Seems it's not my week! Today I managed to smash the plastic mirror casing on the nearside of my Integra 636LS against a projecting branch avoiding a oncoming large truck on a rather narrow Cornish A-road. 

Fortunately the mirror is OK and its electric operation etc. Only the plastic wasn't quite man enough for the whack it got. Haven't contacted Eura Mobil yet, but does anyone know if the mirrors are a stock truck/bus item?


----------



## billmac (May 25, 2005)

Hi Pard,
Try http://www.a1mirrors.com/shop/ I found them very helpful

Bill


----------



## Pard (May 1, 2005)

Thanks for that, billmac. That looks like a very useful supplier, although I don't know which trucks use the particular model fitted to my Merc-based Eura Mobil - could be Iveco, not sure. 

I've discovered that the mirrors were made by Mekra Lang and they have reference number labels on them. Didn't look last night -doh! So I've emailed their UK agent and hope I shall get some useful help there. 
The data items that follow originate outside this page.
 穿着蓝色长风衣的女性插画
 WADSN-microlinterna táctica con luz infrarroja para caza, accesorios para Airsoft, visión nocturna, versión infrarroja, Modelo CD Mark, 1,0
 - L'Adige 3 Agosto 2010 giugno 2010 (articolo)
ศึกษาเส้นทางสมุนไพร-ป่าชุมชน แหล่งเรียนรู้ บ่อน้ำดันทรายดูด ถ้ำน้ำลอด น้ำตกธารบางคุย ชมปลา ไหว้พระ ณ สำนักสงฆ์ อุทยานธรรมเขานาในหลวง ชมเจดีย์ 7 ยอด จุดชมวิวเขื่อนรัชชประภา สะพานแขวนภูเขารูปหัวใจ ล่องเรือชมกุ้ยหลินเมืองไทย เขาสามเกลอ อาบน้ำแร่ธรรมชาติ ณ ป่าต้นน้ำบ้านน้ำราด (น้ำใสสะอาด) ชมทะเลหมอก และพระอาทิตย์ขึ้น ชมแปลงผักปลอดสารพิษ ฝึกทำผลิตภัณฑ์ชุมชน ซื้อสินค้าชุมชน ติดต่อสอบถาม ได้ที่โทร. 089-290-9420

If I get nowhere the supplier you noted looks worth a try - by phone, I guess, as the mirrors on the website are all complete ones, and I'm hoping I can just buy a casing.

Terry


----------



## billmac (May 25, 2005)

On my Hymer the DAF/MAN/ERF http://www.a1mirrors.com/shop/cart.php?target=product&product_id=23&category_id=1 did the job as its only the mounting bar diameter that is critical. I know you only want the casing so it may be worth giving them a ring.
If you need to replace an all electric one any time although they lorry ones are 24 volt on control and heating but these will work ok on 12 volt and are a lot cheaper than dealer supplied units.

Trust you get it sorted.

Bill.


----------



## wilse (Aug 10, 2007)

If you have Mekra Lang mirrors you can try here blind spot mirrors
I think it Sharon to speak to, have your code numbers to hand.
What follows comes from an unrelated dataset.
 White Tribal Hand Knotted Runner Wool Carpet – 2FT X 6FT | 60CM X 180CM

I had to buy one for our truck, it was around £24. They also do chinese copies for around £6, but you may have to glue them on as the fittings are different.

On ours Adria, it uses the same as Hymer & Burstner... as well as MAN lorries.
The pole size is 28mm from memory.

hth

w


----------



## Pard (May 1, 2005)

Thanks to all who responded. I managed to track down Mekra Lang UK who referred me to a local supplier, Big Wheels Services of Roche near St Austell, who obtained the part by the following day - pretty good service. I'm almost £27 the poorer, but who thought running a motorhome was a cheap pastime? (Especially when you have a too-close relationship with hedgerows)


----------